ECLI:NL:HR:2025:1524

Hoge Raad

Datum uitspraak
10 oktober 2025
Publicatiedatum
9 oktober 2025
Zaaknummer
24/03279
Instantie
Hoge Raad
Type
Uitspraak
Procedures
  • Cassatie
Vindplaatsen
  • Rechtspraak.nl
AI samenvatting door LexboostAutomatisch gegenereerd

Cassatie over aansprakelijkheid en persvrijheid in verband met berichtgeving over granulietstorting

In deze zaak heeft de Hoge Raad op 10 oktober 2025 uitspraak gedaan in een cassatieprocedure tussen Graniiet Import Benelux B.V. (GIB) en de Omroepvereniging BNNVARA. GIB, vertegenwoordigd door advocaat A.M. van Aerde, heeft cassatie ingesteld tegen een arrest van het gerechtshof Den Haag, dat op 28 mei 2024 werd gewezen. Dit arrest volgde op eerdere vonnissen van de rechtbank Den Haag van 2 maart 2022 en 31 augustus 2022. De zaak betreft een geschil over de berichtgeving in het TV-programma Zembla over het storten van granuliet in natuurplassen, waarbij GIB zich benadeeld voelde in haar reputatie.

De Hoge Raad heeft de klachten van GIB over het arrest van het hof beoordeeld en geconcludeerd dat deze klachten niet kunnen leiden tot vernietiging van het arrest. De Hoge Raad heeft daarbij geen verdere motivering gegeven, aangezien de vragen die aan de orde waren niet van belang zijn voor de eenheid of ontwikkeling van het recht, zoals bedoeld in artikel 81 lid 1 van de Wet op de rechterlijke organisatie.

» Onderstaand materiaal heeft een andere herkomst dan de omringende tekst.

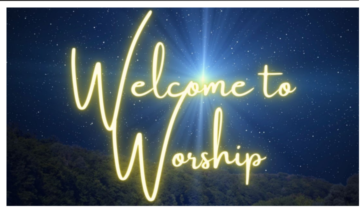
December 3, 2023

\ \ \ \ e are glad you made the VV choice to be here at New Boston's First Baptist Church today. Our prayer for you is to experience God's grace in such an amazing way you'll talk about it all week. In fact, helping others discover how to love God and love people is why we are here! Let us know how we can help you on your journey.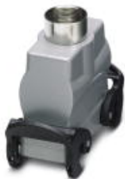
HEAVYCON B24 sleeve housing, with double locking latch, height: 72 mm, with 1 x M25 gland, straight cable outlet

Please be informed that the data shown in this PDF Document is generated from our Online Catalog. Please find the complete data in the user's documentation. Our General Terms of Use for Downloads are valid ( http://phoenixcontact.com/download )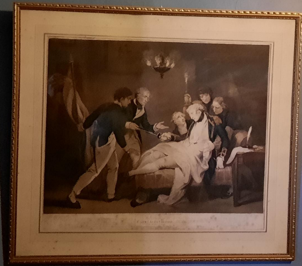
The death of one of the Samuels or Alexanders – following a successful assault (Mars vs Hercules)?? Can't recall details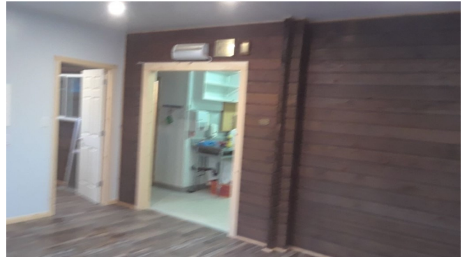
View into Kitchen

In de beslissing heeft de Hoge Raad het beroep van GIB verworpen en GIB veroordeeld in de kosten van het geding in cassatie, die aan de zijde van BNNVARA zijn begroot op € 873,-- aan verschotten en € 2.200,-- voor salaris, vermeerderd met wettelijke rente indien GIB deze kosten niet binnen veertien dagen na de uitspraak heeft voldaan.

Uitspraak

HOGE RAAD DER NEDERLANDEN
CIVIELE KAMER
Nummer24/03279
Datum10 oktober 2025
ARREST
In de zaak van
GRANIET IMPORT BENELUX B.V.,
gevestigd te Amsterdam,
EISERES tot cassatie,
hierna: GIB,
advocaat: A.M. van Aerde,
tegen
OMROEPVERENIGING BNNVARA,
gevestigd te Hilversum,
VERWEERSTER in cassatie,
hierna: BNNVARA,
advocaat: P.A. Fruytier.

1.Procesverloop

Voor het verloop van het geding in feitelijke instanties verwijst de Hoge Raad naar:
a. de vonnissen in de zaak C/09/618155 / HA ZA 21-843 van de rechtbank Den Haag van 2 maart 2022 en 31 augustus 2022;
b. het arrest in de zaak 200.321.231/01 van het gerechtshof Den Haag van 28 mei 2024.
GIB heeft tegen het arrest van het hof beroep in cassatie ingesteld.
BNNVARA heeft een verweerschrift tot verwerping ingediend.
De zaak is voor partijen mondeling en schriftelijk toegelicht door hun advocaten, en voor BNNVARA mede door E.W.T. Kerckhoffs en J.P. van den Brink.
De conclusie van de Advocaat-Generaal T. Hartlief strekt tot verwerping van het cassatieberoep.
De advocaat van GIB heeft schriftelijk op die conclusie gereageerd.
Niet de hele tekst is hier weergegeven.